Microsoft Rewrites TypeScript with Go: A 10x Speed Boost and the Reasoning Behind It
On March 11, 2025, Microsoft unexpectedly announced a complete rewrite of TypeScript using the Go programming language. This resulted in a reported 10x speed improvement, causing considerable excitement in the tech community. The magnitude of the change and its impact represent a significant upgrade in programming language history. It's important to clarify that the 10x speedup refers to compilation time, not runtime performance of the JavaScript code generated by TypeScript.
The Focus on Compilation Speed
While the speed of the compiled JavaScript is determined by the JavaScript engine, the improved compilation time is a major win for developers. Reduced compilation times translate to faster development cycles and greater efficiency. This makes the development experience smoother and more productive.

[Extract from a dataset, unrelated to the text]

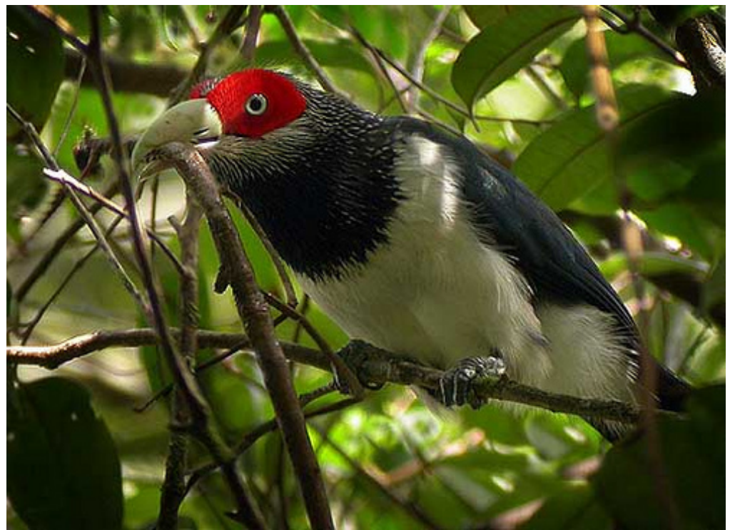
Red-faced Malkoha holding a giant stick insect Phobaeticus hypharpax (Westwood, 1859). in its beak, Sinharaja, in December, 2004.

The research following the halting of logging operations due to public outrage, led to the recognition of its amazing wealth of biodiversity, and in 1988, it was declared a World Heritage. The former logging tracks now provide the main access to the forest's interior for visitors.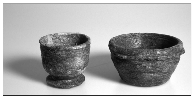
Figure 5. Soap stone vessel and chalice, 9th/10th century, San Murezi church in Tomils, Grisons.

At an emergency excavation in the church of San Murezi in Tomils, Grisons, a small soapstone chalice and a soapstone vessel from the ninth/tenth century were discovered (Jahresberichte 1996:131–132). Such finds show how highly soapstone was valued.

Why Go and Not Rust or C#?
The central question following the announcement wasn't about the technical challenges of achieving a 10x speedup or the intricacies of such a large-scale language upgrade. Instead, the community wondered why Go was chosen over Rust or Microsoft's own C#. Why Go, a language from rival Google, over C#, created by TypeScript's own founder, Anders Hejlsberg?

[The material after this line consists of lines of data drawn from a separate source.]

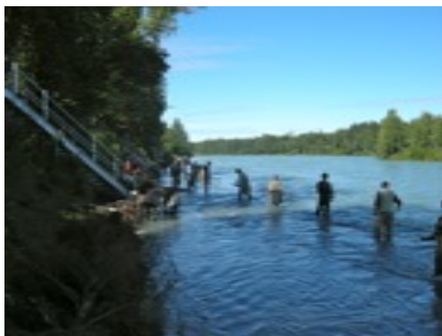
Combat fishing by Soldotna!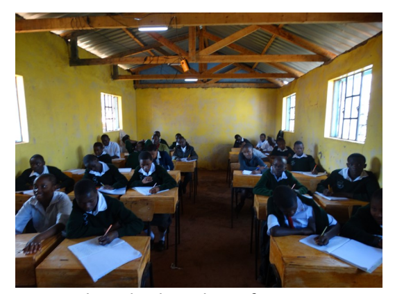
Students back to class after opening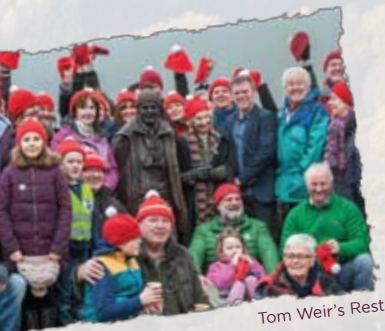
Tom Weir's Rest

Project Management and Technical Choices
The answer lies in the technical considerations of language selection and project management decisions. Let's delve into the reasons behind choosing Go for this significant TypeScript upgrade.
Native Port vs. Rewrite: Project Goals
According to Anders Hejlsberg, the initial goal was a Native Port rather than a complete Rewrite. A Native Port involves translating each function in the original TypeScript source code into its equivalent in the new language. This approach preserves the overall structure and logic, resulting in high development efficiency and maintaining feature parity. This ensures compatibility for existing projects, enabling seamless upgrades.
A complete Rewrite, on the other hand, requires rebuilding TypeScript from scratch using a new language. This would involve significantly more work and potentially lead to backward compatibility issues, similar to the challenges faced during the Python 2 to 3 transition, which took a decade to resolve. The new Go-based version of TypeScript is planned to be named TypeScript 7. The existing JavaScript-based TypeScript 5.8 will continue to be updated to 5.9, eventually becoming TypeScript 6.
Maintaining Compatibility
The goal of TypeScript 6 is to ensure a high degree of consistency with TypeScript 7, except for the underlying language. This allows most users to seamlessly upgrade from the JavaScript-based core of version 6 to the Go-based core of version 7, with the exception of projects relying on specific JavaScript interfaces or legacy features.
Why Not Rust? Garbage Collection Considerations
The primary reason for not choosing Rust is the need to maintain complete feature parity during the language port. This includes the garbage collection (GC) mechanism. JavaScript's GC uses a mark-and-sweep approach. Go's GC mirrors this approach, using the same principle, but with faster execution due to multithreading.
Rust, however, uses a different memory management model based on ownership and lifetimes. This eliminates the need for automatic GC but requires manual memory management. This difference creates challenges when dealing with circular data structures, which are common in TypeScript. In Rust, complex pointer rules would be required to replicate functionality that Go achieves with its GC model, making a one-to-one translation impossible.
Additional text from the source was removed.